And, hence, unmoored from the original who
and to whom…I began to look for connections that could not be severed by time,
distance, or even my own disobedience.
Which is where I found the church.
The church. Where, as an angsty teen,
disaffected from her family of origin and searching for safe harbor, I found a
place that could hold me when the familial structures had failed me.
And, in this, I can hear the good news of the
Gospel we heard proclaimed today. Good news, for anyone who has been failed by
the structures of secular society and the organizing principles therof. Good
news for anyone whose life has been limited by systemic injustice. Good news.
Good news when what the world needs is for
systemic injustice to be overturned by a new way of being in the world. A way
in which those who have been rejected, lost, or left behind, are claimed by an
all-embracing God.
This is the who and this is the whom. In the
love of God we find ourselves—beloved child of God, of the God who has made us
all.
All…not some. And in this we are liberated
from the familial or cultural structures that would define us as
anything--anything apart from the love of God.
Division from that which holds us captive is,
in fact, liberation.
But, to be clear, this does not come without
cost. Because, when we are separated from those structures that have given us
meaning, there is pain to be had. This is what makes this particular Gospel
passage read as apocalyptic—because, for those of us whose identity, status,
power and privilege is maintained through familial lines and identity, the
severing of those lines means loss. Loss of power, of privilege, loss of
identity, loss of honor, and loss of wealth.
Yes, wealth. The inheritance of wealth, of
land, of honor, of property, of stocks—in this case livestock—was, quite
fundamentally, the why of tracking ancestry. Maintaining wealth across
generations, and the attendant power and privilege, has been a driver for the
maintenance of traditional family structures for millennial. This is not to discount the interconnection of
family, the deep love, care and support we may find there, or to attack the
pride we may find in knowing our personal stories. Knowledge of our past and
those whose lives have led to our own can be life-giving and help us to locate
ourselves as individuals in the world. And yet, here we are…
With a Gospel that is uncompromising in its
assertion that unity for the sake of wealth, honor, and privilege is to our
shame—while unity for the sake of the good news of God in Christ is our honor.
When someone is baptized in the church, they
are presented by their sponsors with their full given name. You will note that
as the baptismal liturgy continues, it is only the first (and perhaps middle)
name that is used in the liturgy.

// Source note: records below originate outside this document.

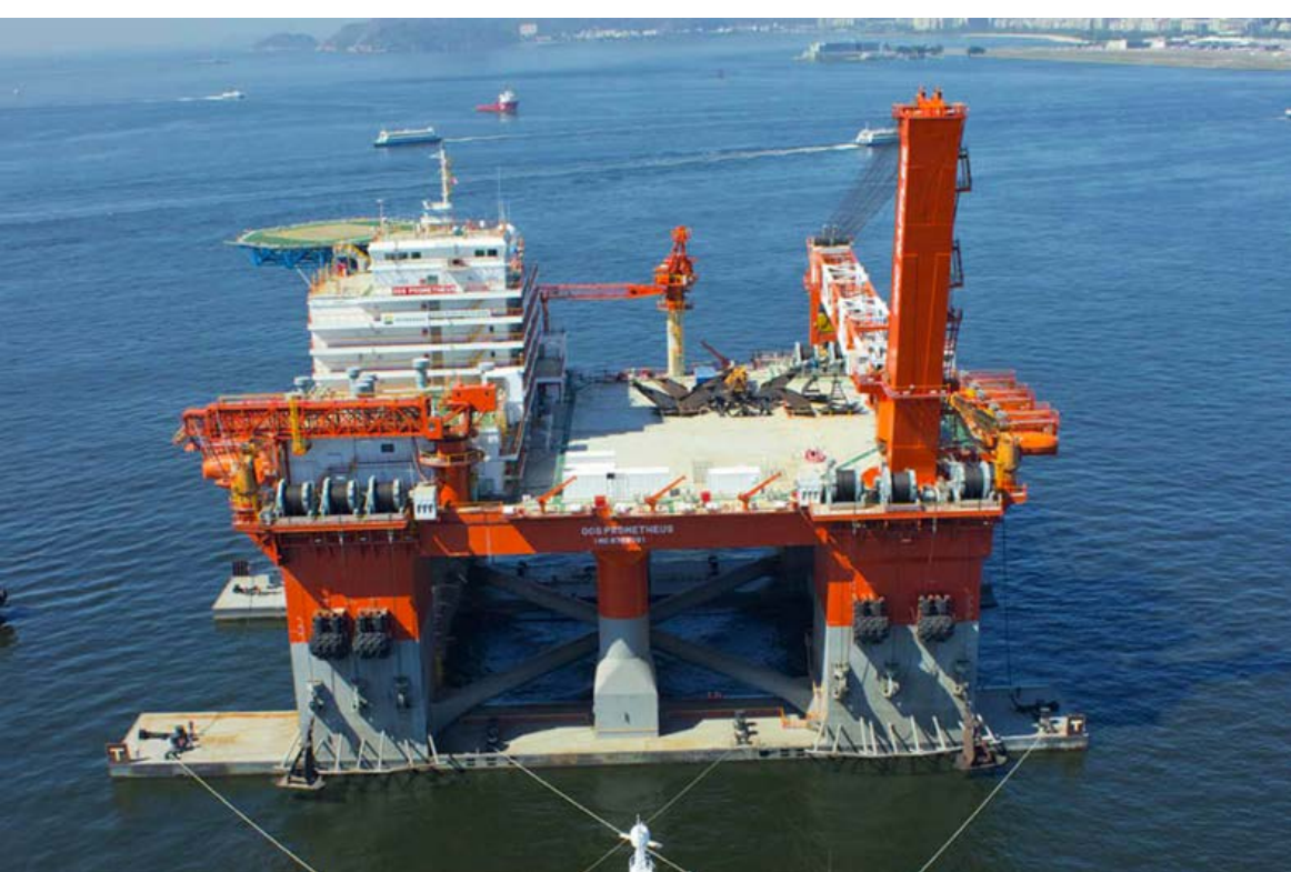
OOS Promotheus (2013)

CUSTOMER: Allseas TYPE: Offshore Construction Vessel (150 m) TYPE OF WORK: Service SCOPE OF SUPPLY: Automation window heating system
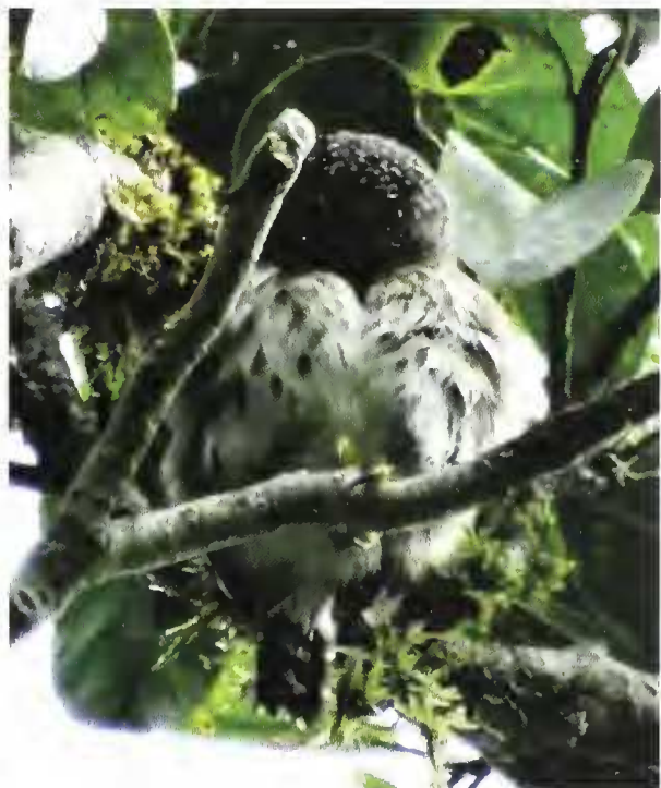
Figure 1. Subtropical Pygmy Owl Glaucidium parkeri , Sibundoy Valley, dpto. Putumayo, south-east Colombia, 18 January 2014 (Judit Jaramillo)

On 18 January 2014, AC, BC-J, WDD & JJ were observing birds between San Francisco and Mocoa, Putumayo (01°04'N, 76°48'W; 1,800 m), where, c.15 km east of the main road, they observed and photographed a pygmy owl (Fig. 1) that was tentatively identified as G. jardinii . It was subsequently identified as Subtropical Pygmy Owl (by JFF) due to its prominent white coronal
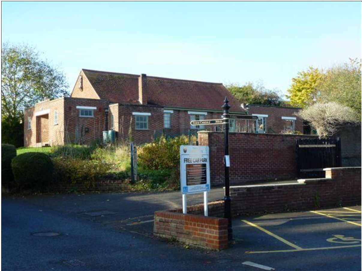
Above: The church hall
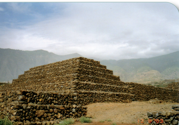
Aztec pyramids? No, this one is in the Canaries!

Graciosa... One of the stops you will not forget.
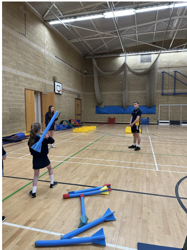
9 - Primary schools event
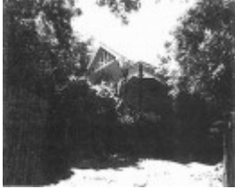
House, 90 Main Street
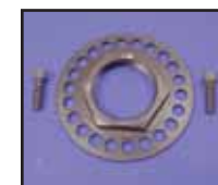
VT No. 20-0214

Mega Nut will secure pulley nuts on belt drive models by allowing drilling and tapping in additional locations.
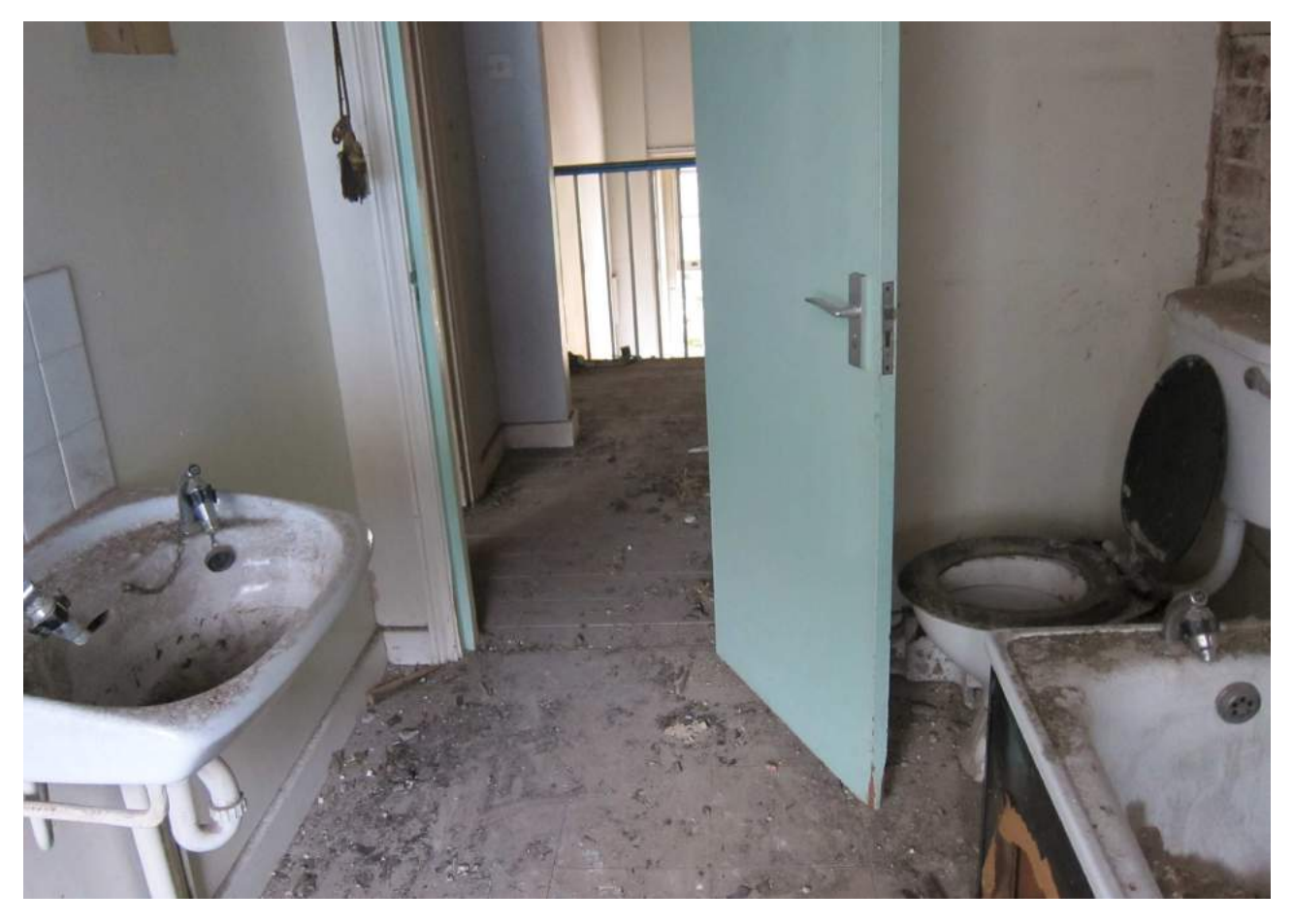
Second floor bathroom - view towards stairs
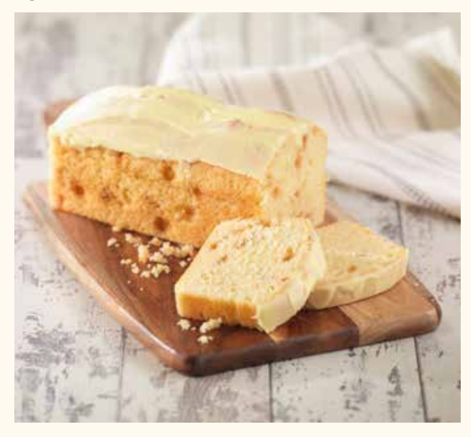
A light zesty lemon flavour sponge loaded with lemon fruit pieces and finished with a lemon flavoured icing
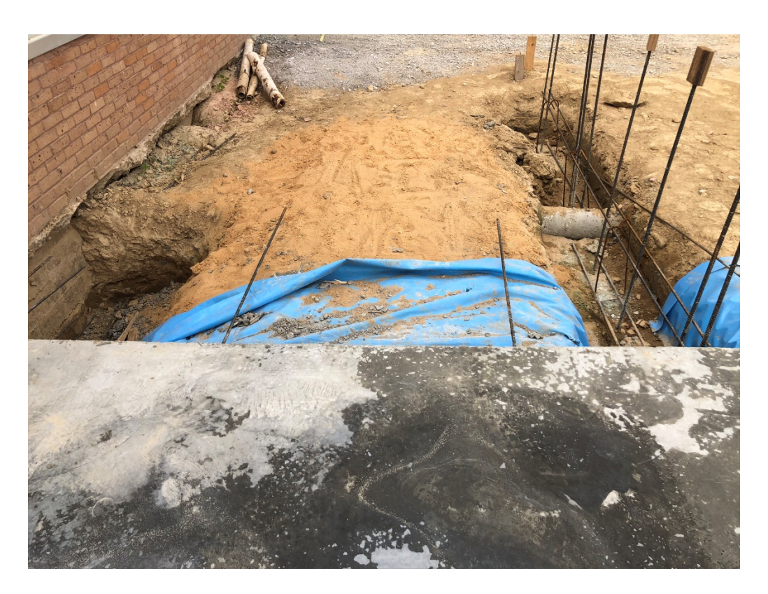
Figure 7 – First Section of Slab Pour
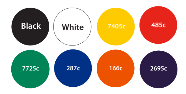
closest approximated colour match
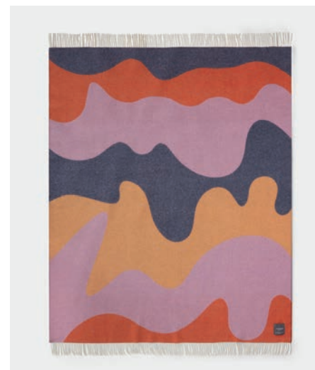
9116 Wave Blanket Coral, Ocra, Blue & Lilac Waves Pattern
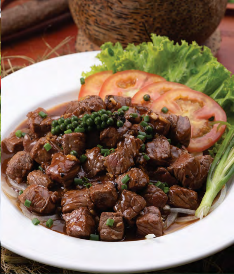
17. ឡូកឡាក់សាច់គោ Small 8.50 | Big 16.00 Cambodian Beef Lok Lak
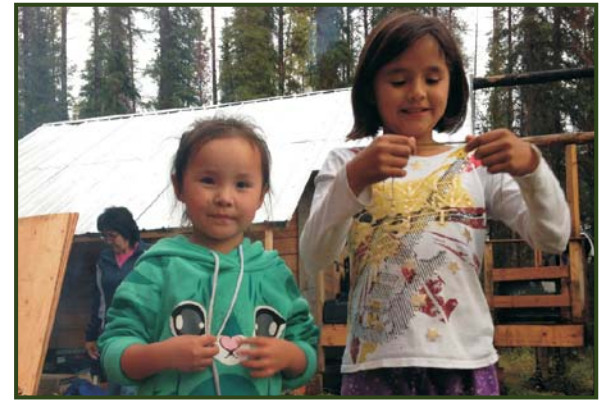
Kwadacha First Nation youth
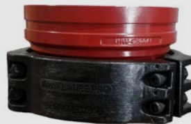
Produce Water Replacement Ends
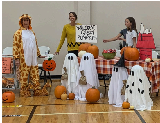
Trunk or Treat fun with Charlie Brown and SJE's favorite giraffe
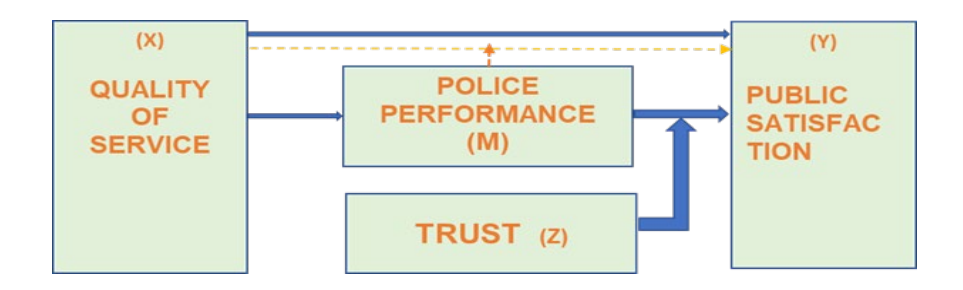
Fig. 3. Hypothesis Testing

The research framework shown in Figure 1.1 summarizes the logical flow of the research stages conducted. This figure illustrates the relationships between key variables, starting from problem identification, the formulation of research objectives, to the methodological steps employed to achieve the final results. The framework provides a comprehensive overview of the research focus and direction, as well as how each component of the study is interconnected. Through this framework, it is expected that readers will gain a clear understanding of the fundamental concepts underpinning the research and how the study has been systematically structured.
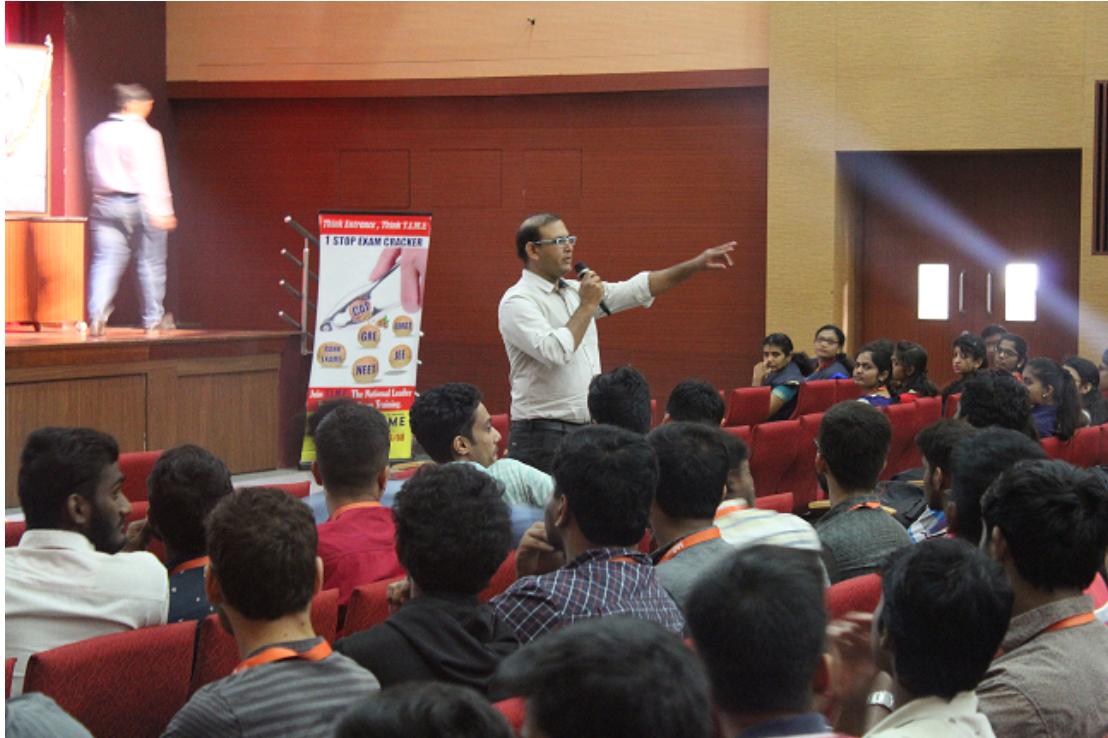
Career counselling workshop for pre final year students on November 14th 2019 in MVJ Auditorium organized by CSE Department

The students were motivated to start preparing for the above competitive exams ahead of time, so that they can score well to enable them to get into reputed institutions, for a bright future.
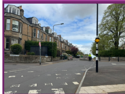
^ Looking North
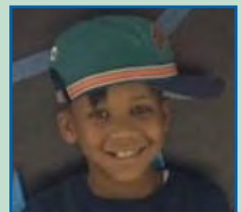
Young fans with The Big Brothers Big Sisters Organization enjoying a Marlins game!
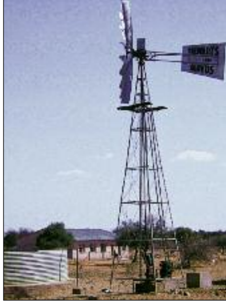
Windpump and borehole installation

Although Namibia is an arid country, its finite water resources are sufficient to sustain continuous growth and steady development of the Nation. There are however great variations in the availability of water. At the southern, northern and north-eastern borders where surface water is available throughout the year from perennial rivers, there is an excess rather than a shortage of water, although this is shared with neighbouring countries. The rest of the country either relies on dams constructed in ephemeral rivers that have low safe yields in comparison to their total volume, because of drought and high evaporation losses, or on groundwater. The total, overall groundwater resources are sufficient to assure long-term water supply if used sustainably, yet there are great regional variations. In many areas, groundwater conditions are unfavourable due to limited water availability, little and unreliable recharge, low borehole yields, great depths, poor groundwater quality and high risks of conta-
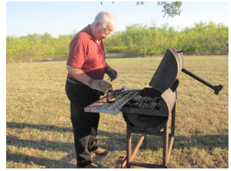
Barbecuing in Abilene, Texas
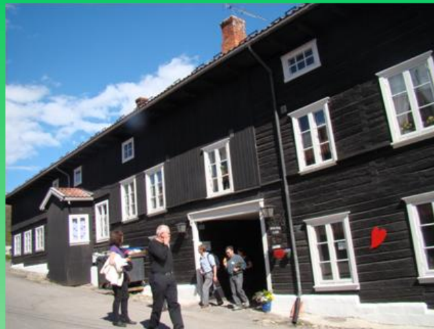
Visiting traditional neighborhood In Konsvinger
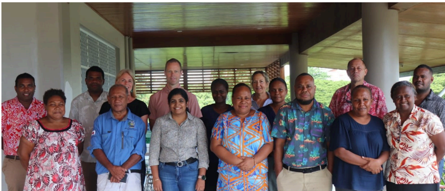
Workshop facilitators and participants

SINU remains committed to strengthening research and innovation in the fisheries sector and looks forward to contributing valuable insights and expertise to the Fish Innovation 2 project.
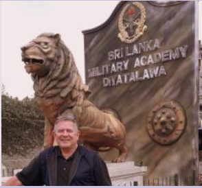
Sri Lanka Military Academy
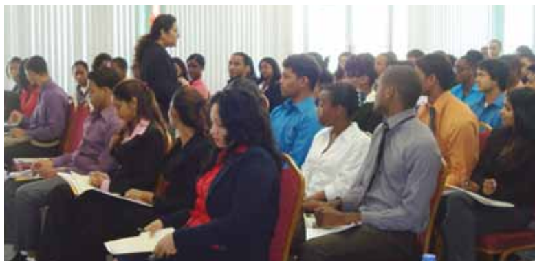
A cross section of the vacation employees during their orientation session.

Ninety university students were formally inducted as vacation employees at T&TEC on June 10 2013. The two-month programme will allow the students to earn while they learn.
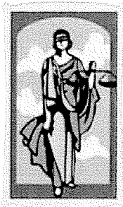
State Bar Association of North Dakota
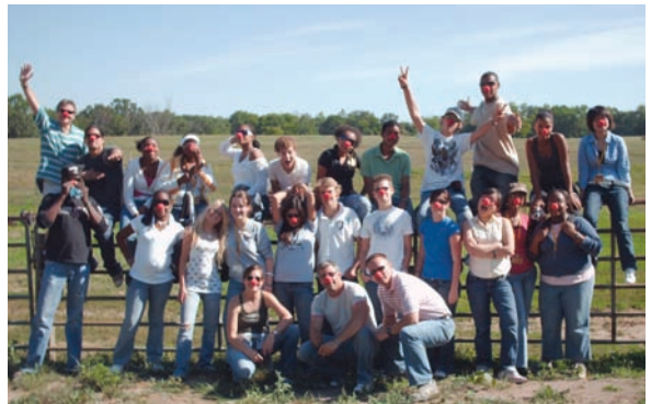
MN training camp

The US camp was held in Minneapolis, MN, from July 16 to July 27 and included participants from the SABIS® US and Germany schools. The ME camp was held in Cairo, Egypt from August 6 to August 13 and drew participants from the UAE, the Gulf, Egypt, and Levant schools.
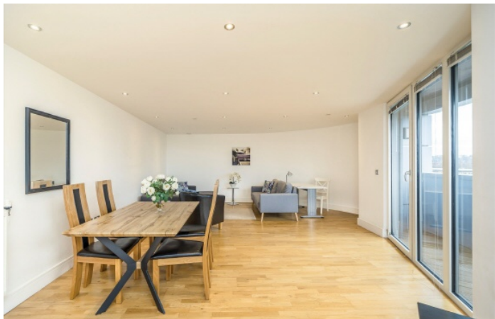
Dowells Street, SE10
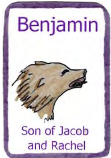
Abraham, Isaac and Jacob Family Tree Rummy Cards
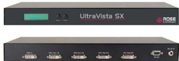
Front / Rear view

■ Phone: 281-933-7673 ■ E-mail: sales@rose.com ■
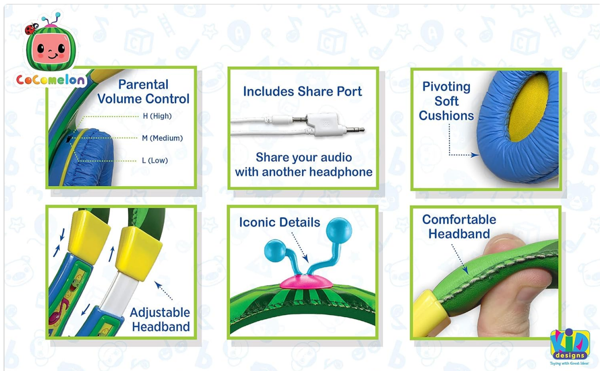
Figure 2: Key features of the COCOMELON headphones, highlighting the adjustable headband, soft ear cushions, parental volume control, and share port.
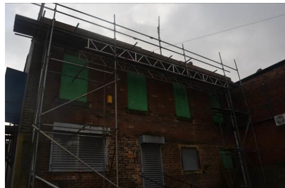
Figs. 1 & 2 Rowlands Pharmacy, Cleckheaton

The building was set on a moderate plot with front and rear car parking, road access. Buildings and roads dominated surrounding habitats.
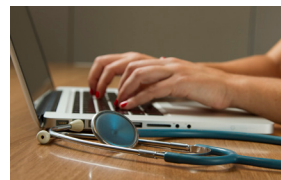
Healthcare facilities & Hospitals
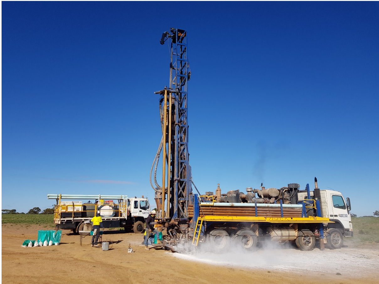
Figure 1: Drilling bright white kaolin at Tampu Kaolin Project, Beacon WA (photo taken 8 th May 2021)

Corella Resources Ltd (ASX:CR9) ("Corella" or the "Company") is pleased to advise that resource and metallurgical drilling has commenced at the company's 100% owned flagship Tampu kaolin project, located near Beacon in Western Australia. The drill program will total ~2,000m and consist of 80 to 120 RC/AC drill holes, to an average depth of ~20m to a drill spacing of 80 x 80m in select locations.
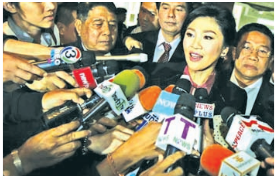
Ousted former Prime Minister Yingluck Shinawatra talks to reporters as she arrives at Parliament before the National Legislative Assembly meeting in Bangkok on 9 Jan, 2015.—REUTERS

The charges are the latest twist in 10 years of turbulent politics that have pitted Yingluck and her brother against the royalist military establishment that sees the Shinawatras as a threat and reviles their populist policies. Thaksin, who remains hugely influential in Thailand, was ousted in a coup in 2006 and fled into exile to avoid jail over a corruption conviction two years later on charges he says were politically motivated.—Reuters
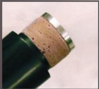
Upper joint fitted together with the crimped metal lower joint
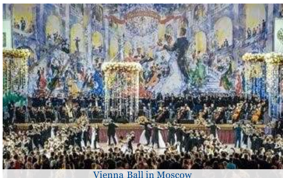
Vienna Ball in Moscow
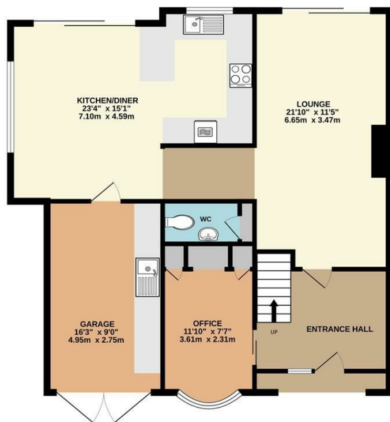
GROUND FLOOR 979 sq.ft. (90.9 sq.m.) approx.
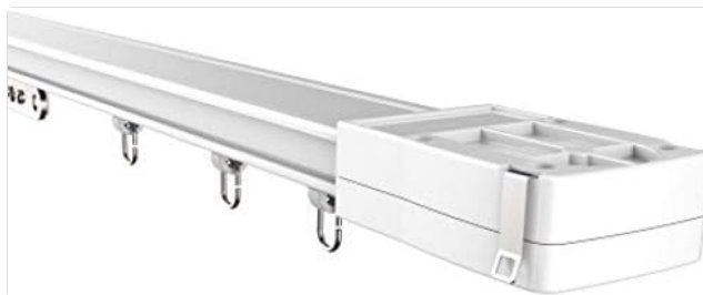
Assembled Track: The complete track system with the motor unit attached.

After power-on, the system may require initial calibration to set the open and close limits. Refer to the remote control section for programming instructions to define the full open and full closed positions of your curtains.
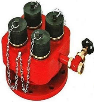
FIRE3271-Fire & Safety-Fire Brigade Inlet-4way-150mm-No's
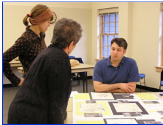
Figure 3. Discussing the focus of documentation panels.

Sheryl then posed a question that moved us to consider identifying a theme in the content of the panels (Figure 3).

Baby Archie Harrison
Mountbatten-Windsor, as storied as his name may be, was christened Archie. By
doing so, it is made clear that his legacy is not in his name, but in the vast
communion of saints of which he is now part.
He is part of the household of God, just as I
am. Connected by virtue of our baptism, not the conditions of our birth. And,
whilst the world may insist otherwise—ranking our lives and our worth by our
forebears—the teachings of our faith and the truth of God’s love have given us
another claim.
Each of us, principally and most importantly,
a beloved child of God.
Imagine. Imagine what living into that truth,
in its entirety could be like. Imagine…
[Pause]
No name, no rank, no allegiances, other than
that of the beloved. The beloved of God.
How would we be? How would our interactions
individually and collectively be transformed if we were to live this truth?
Imagine…
[Pause]
That imagining is fundamental to how the
early church understood itself. Part of the threat the early Christian church
presented to the empire was its insistence upon the full personhood of every
baptized member. No longer slave nor free, male nor female. The cultural
constructs of race, class, family, and inherited hierarchy, are set aside in
favor of a new ideal.
A new ideal…
The ideal of belovedness by virtue of birth,
inheritance by virtue of baptism, and honor by virtue of the shame that was no
shame upon the cross.
No shame in our birth, no shame in our
lineage, no shame in our inheritance…
No shame.
No shame…
because we are made one, by virtue of the
love of God which knows the truth of our suffering and the joy of our being.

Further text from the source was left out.